## PROVIDED DATA

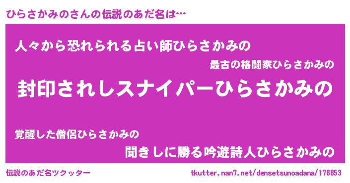 | 胡散臭い通販商品みたいなあだ名 | 『億万長者になれる霊験あらたかなお札…その名も「ひらさかみの」』 |
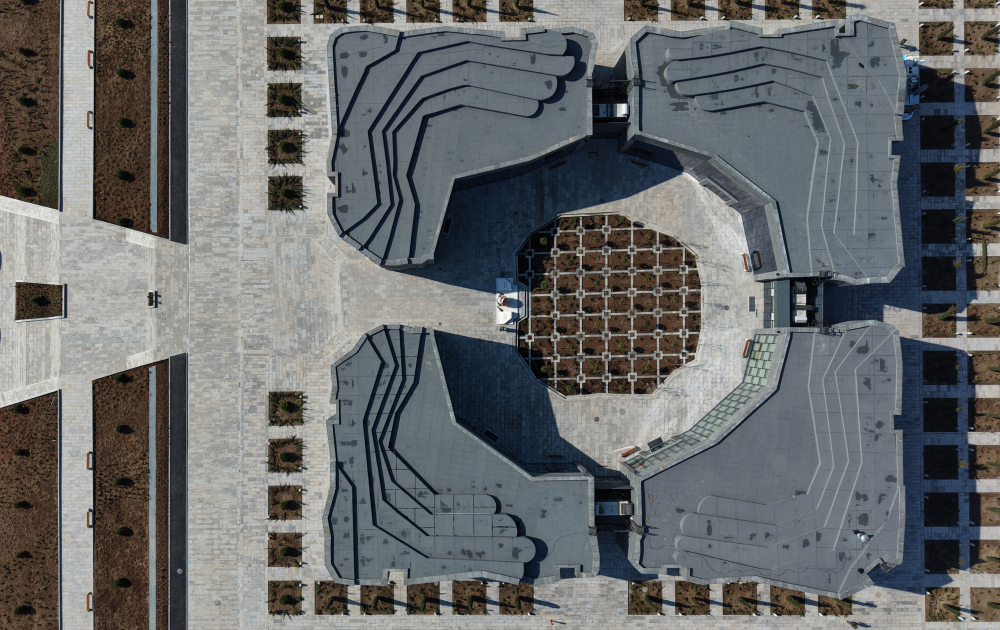 Монолит, окружающий мемориал с четырех сторон, выполнен в форме символических рук, пытающихся защитить жителей Ходжалы от геноцида.
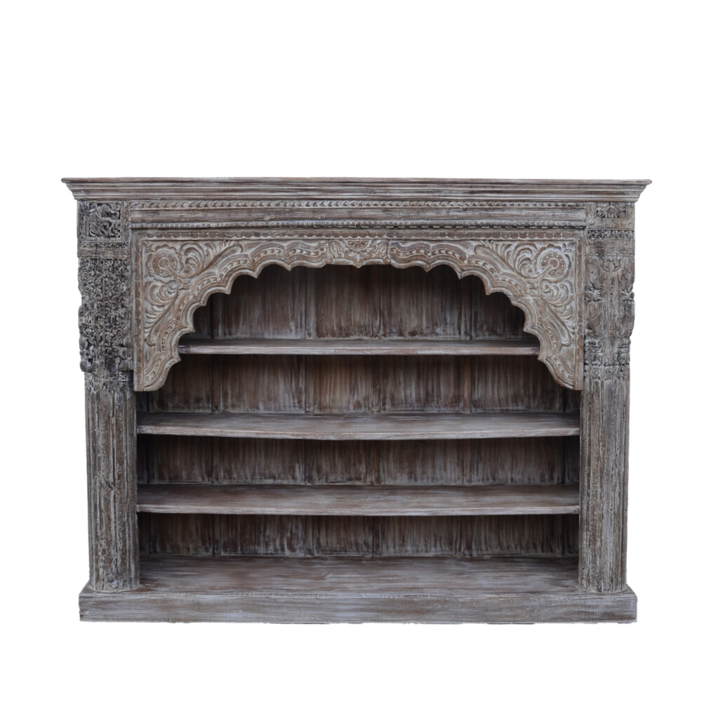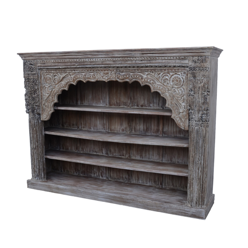 The hand-carved arch detailing draws inspiration from classic architectural designs, featuring intricate floral patterns and ornate pillar carvings that give this piece an old-world charm.
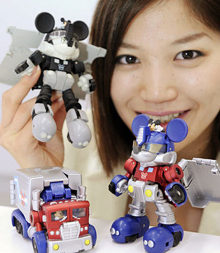 2月2日,在日本首都東京,Tomy玩具公司的一名員工展示“變形金剛”版的經(jīng)典動(dòng)畫角色米奇。這種“變形金剛”版米奇可以從一輛卡車變成米奇的樣子,有黑白和彩色兩款,將于2月26日上市。
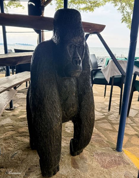 大猩猩守护在湖边的露天餐馆里。
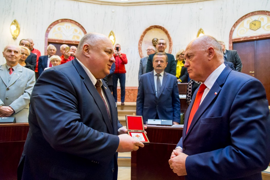 „Pragnąc uczcić jubileusz Stulecia Polskiego Czerwonego Krzyża, doceniając jednocześnie wkład pracy w upowszechnianie szlachetnej misji niesienia pomocy na wiele sposobów, tak w kraju jak i zagranicą Sejmik Województwa Śląskiego postanowił wyróżnić zasłużonych działaczy Złotymi i Srebrnymi odznakami za zasługi dla Województwa Śląskiego” – powiedział Jan Kawulok Przewodniczący Sejmiku Śląskiego.
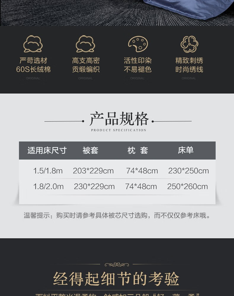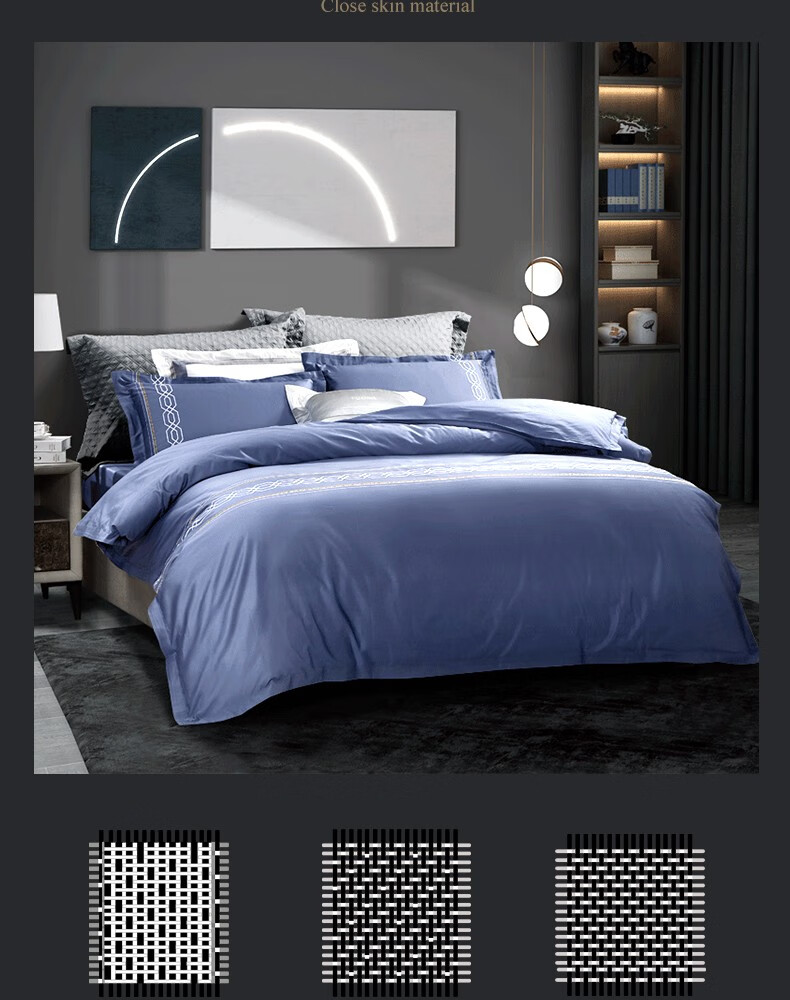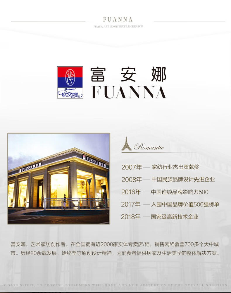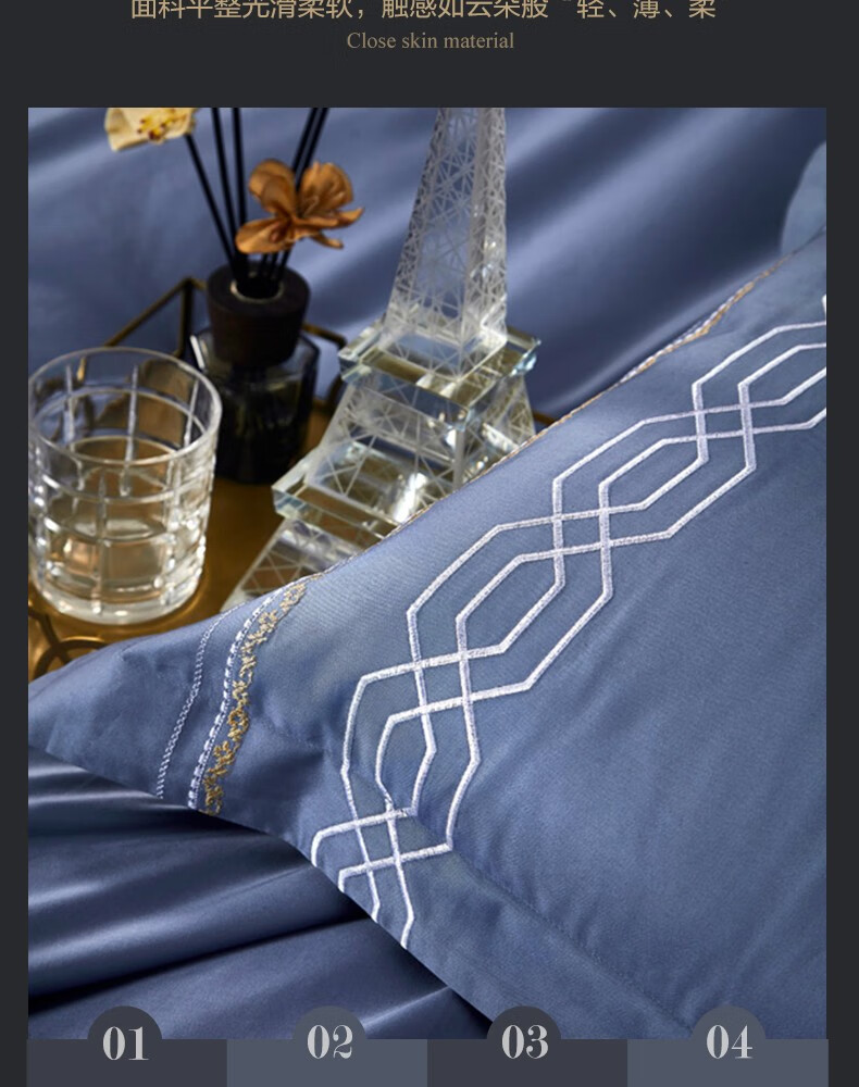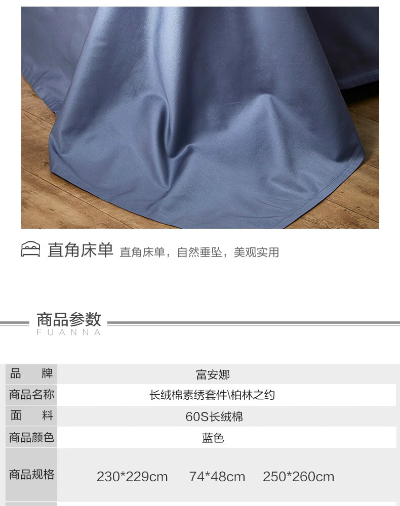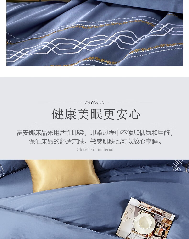 【高档】富安娜床品素绣60支长绒棉高档四件套 柏林之约 XHR

## WHAT NEEDS TO BE DONE
Beginning at the line containing "Przewodniczący Sejmiku Śląskiego.", restate every line through the end of the material above exactly; omit the pictures.

## TASK RESULT
 „Pragnąc uczcić jubileusz Stulecia Polskiego Czerwonego Krzyża, doceniając jednocześnie wkład pracy w upowszechnianie szlachetnej misji niesienia pomocy na wiele sposobów, tak w kraju jak i zagranicą Sejmik Województwa Śląskiego postanowił wyróżnić zasłużonych działaczy Złotymi i Srebrnymi odznakami za zasługi dla Województwa Śląskiego” – powiedział Jan Kawulok Przewodniczący Sejmiku Śląskiego.
 【高档】富安娜床品素绣60支长绒棉高档四件套 柏林之约 XHR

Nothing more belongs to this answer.